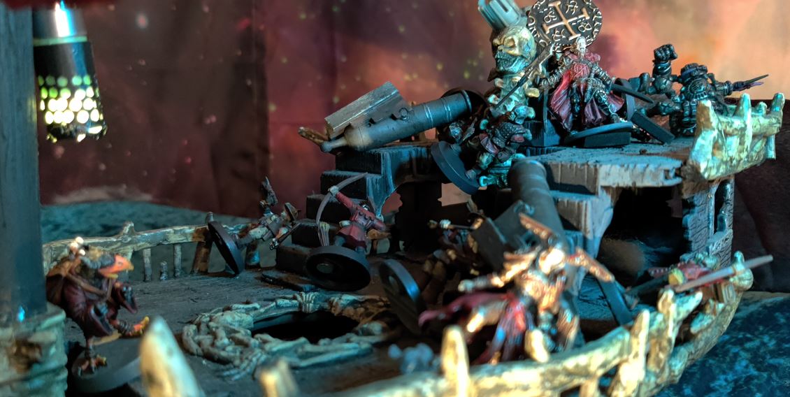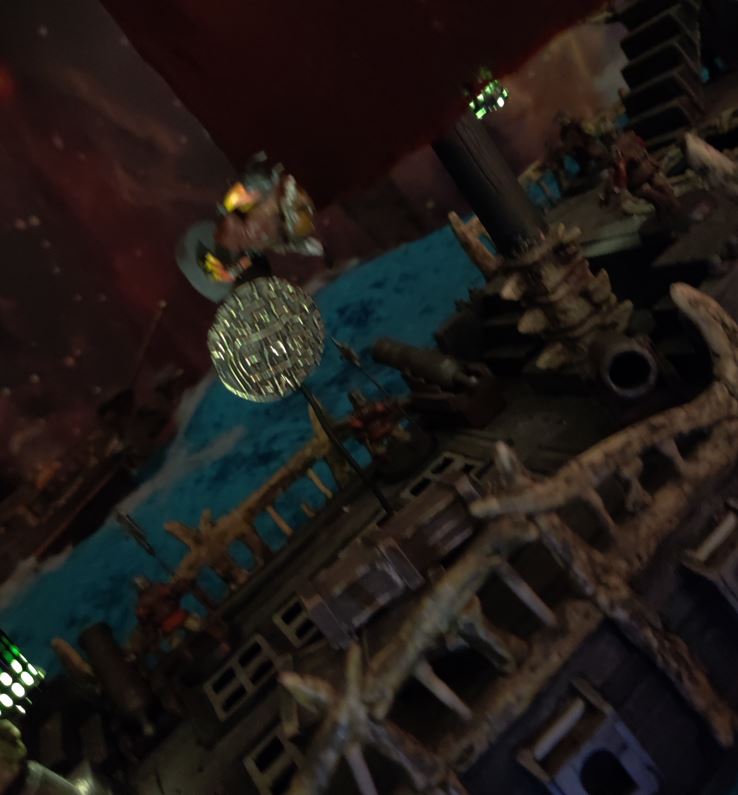 The Jugger charges, Tara barely pivoting aside in time. Mayne guides the Jugger's charge right into the side of the ship!
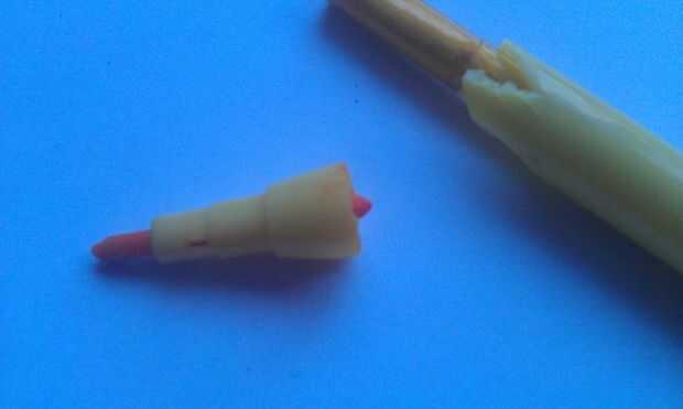 Romper el rotulador. Rompió justo a hasta que la punta fue sobresaliente en ambos extremos
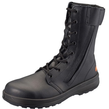 JIS T8103 (ED-P/C2) CI/S/P3/F2/HI1合格。釘や鋭利な物から足裏を守る「踏抜き防止板」内蔵。JIS規格の「耐踏抜き性(P)」合格。夜間業務でも安心 かかと部の「再帰反射材」。着脱がスムーズにできる「外チャック」付。「サスペンションシステム」障害物を踏んだ時、衝撃吸収するソールの構造。ゆりかごの様に快適「クレイドル・インソール」。高温耐熱性能 ソールからの伝熱に対して足を保護する高温耐熱性(区分2)。(独法)労働安全衛生総合研究所「安全靴・作業靴技術指針」の性能と等級。耐油性と耐薬品性(あらゆる薬品に対して耐久性を有するものではありません)のソール。静電タイプ。反射材付。
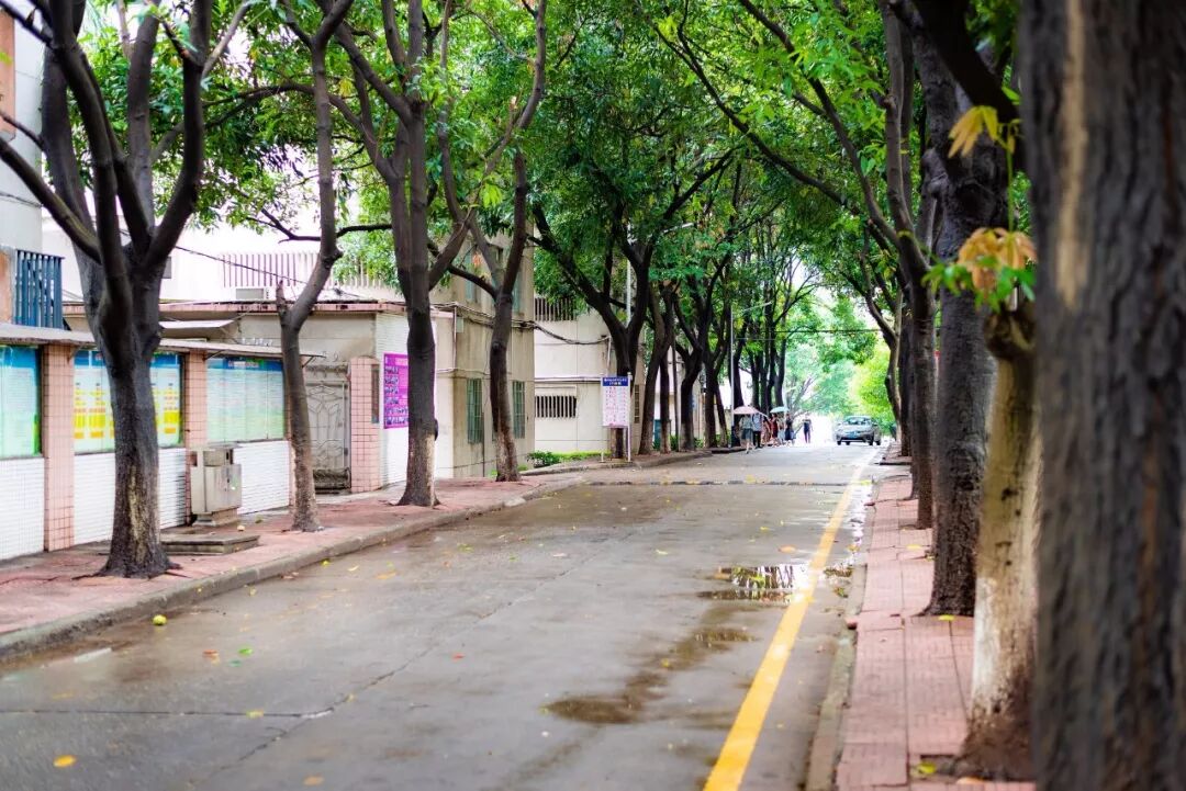 跑道上有人轻快漫步,树荫下有人默契交流,独坐看台也可享受田径场的美好时分。晚饭后还能在校道散散步,迎着傍晚清爽的微风,听着校道上周围居民谈论各家的家长里短的事,别有兴致。
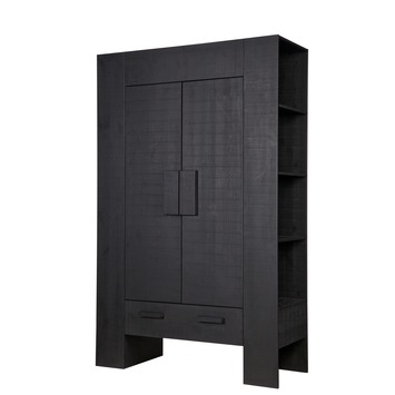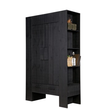 WOOOD wandkast Hidde is een veelzijdige wandkast die in vrijwel in iedere woonstijl past. De kast is een handige opberger die overal geplaatst kan worden. De wandkast Hidde is voorzien van 2 deuren met solide metalen scharnieren, een lade met metalen ladegeleiders en houten grepen. Aan beide zijde van deze wandkast Hidde zitten 4 open opbergvakken die als boekenkast kan dienen of je kunt dit decoreren met leuke woonaccessoires. De kast Hidde is gemaakt van massief grenen gecombineerd met 3 legplanken, gespoten in de kleur zwart. De perfecte aanvulling voor in de woonkamer, maar natuurlijk overal te plaatsen. De afmetingen van de kast zijn (bxhxd): 116x185x45 cm. Dit artikel wordt als bouwpakket geleverd en is makkelijk te monteren met behulp van de bijgeleverde montage instructie. De wandkast Hidde is ook verkrijgbaar in de kleur taupe.
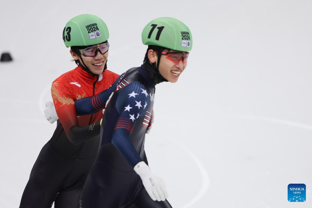 Zhang Bohao (L) of team China and Sean Boxiong Shuai of team USA celebrate after the mixed team relay final A of short track speed skating event at the Gangwon 2024 Winter Youth Olympic Games in Gangneung, South Korea, Jan. 24, 2024. (Xinhua/Xu Yanan)
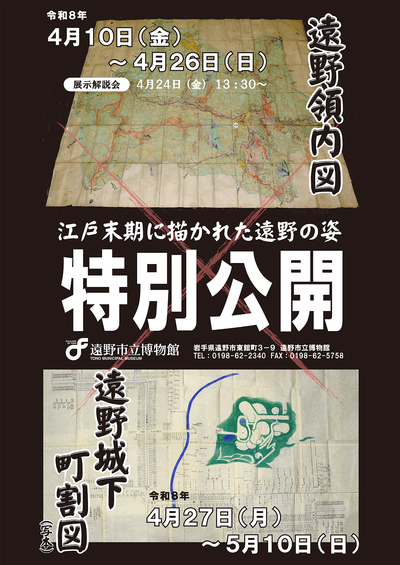 江戸時代末期に描かれた「遠野領内図」と「遠野城下町割図」を特別公開します。
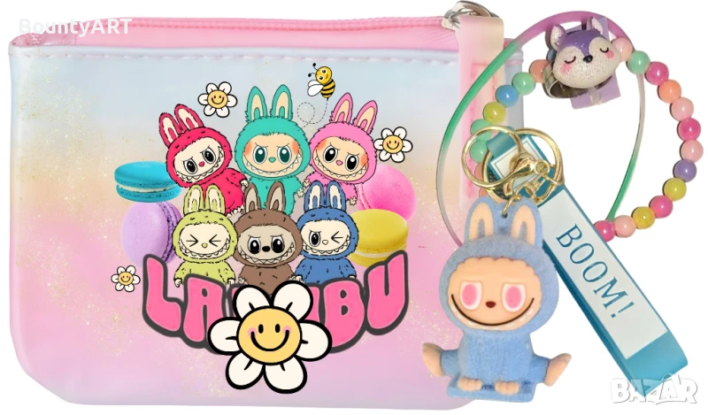 - Несесерче/портмоне с цип Labubu – перфектно за дребни аксесоари и детски "съкровища".
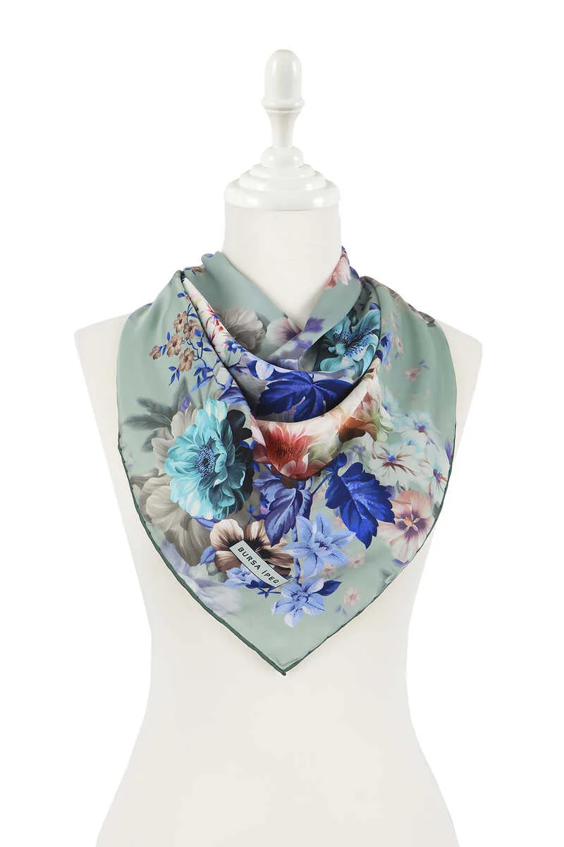 The Mint Fulya Pattern Silky Scarf combines vibrant and bright colors with a classic design. Crafted from 100% silky rayon fabric, it offers an elegant look and feel. Its 90×90 cm dimensions provide ease of use, making it a versatile accessory for any wardrobe. Originating from Bursa, Turkey, this scarf brings energy to your style with its floral patterns.

■ **What you have to do**
Would you repeat the listing above exactly, minus the images?

■ **Final answer**
 The Jugger charges, Tara barely pivoting aside in time. Mayne guides the Jugger's charge right into the side of the ship!
 Romper el rotulador. Rompió justo a hasta que la punta fue sobresaliente en ambos extremos
 JIS T8103 (ED-P/C2) CI/S/P3/F2/HI1合格。釘や鋭利な物から足裏を守る「踏抜き防止板」内蔵。JIS規格の「耐踏抜き性(P)」合格。夜間業務でも安心 かかと部の「再帰反射材」。着脱がスムーズにできる「外チャック」付。「サスペンションシステム」障害物を踏んだ時、衝撃吸収するソールの構造。ゆりかごの様に快適「クレイドル・インソール」。高温耐熱性能 ソールからの伝熱に対して足を保護する高温耐熱性(区分2)。(独法)労働安全衛生総合研究所「安全靴・作業靴技術指針」の性能と等級。耐油性と耐薬品性(あらゆる薬品に対して耐久性を有するものではありません)のソール。静電タイプ。反射材付。
 跑道上有人轻快漫步,树荫下有人默契交流,独坐看台也可享受田径场的美好时分。晚饭后还能在校道散散步,迎着傍晚清爽的微风,听着校道上周围居民谈论各家的家长里短的事,别有兴致。
 WOOOD wandkast Hidde is een veelzijdige wandkast die in vrijwel in iedere woonstijl past. De kast is een handige opberger die overal geplaatst kan worden. De wandkast Hidde is voorzien van 2 deuren met solide metalen scharnieren, een lade met metalen ladegeleiders en houten grepen. Aan beide zijde van deze wandkast Hidde zitten 4 open opbergvakken die als boekenkast kan dienen of je kunt dit decoreren met leuke woonaccessoires. De kast Hidde is gemaakt van massief grenen gecombineerd met 3 legplanken, gespoten in de kleur zwart. De perfecte aanvulling voor in de woonkamer, maar natuurlijk overal te plaatsen. De afmetingen van de kast zijn (bxhxd): 116x185x45 cm. Dit artikel wordt als bouwpakket geleverd en is makkelijk te monteren met behulp van de bijgeleverde montage instructie. De wandkast Hidde is ook verkrijgbaar in de kleur taupe.
 Zhang Bohao (L) of team China and Sean Boxiong Shuai of team USA celebrate after the mixed team relay final A of short track speed skating event at the Gangwon 2024 Winter Youth Olympic Games in Gangneung, South Korea, Jan. 24, 2024. (Xinhua/Xu Yanan)
 江戸時代末期に描かれた「遠野領内図」と「遠野城下町割図」を特別公開します。
 - Несесерче/портмоне с цип Labubu – перфектно за дребни аксесоари и детски "съкровища".
 The Mint Fulya Pattern Silky Scarf combines vibrant and bright colors with a classic design. Crafted from 100% silky rayon fabric, it offers an elegant look and feel. Its 90×90 cm dimensions provide ease of use, making it a versatile accessory for any wardrobe. Originating from Bursa, Turkey, this scarf brings energy to your style with its floral patterns.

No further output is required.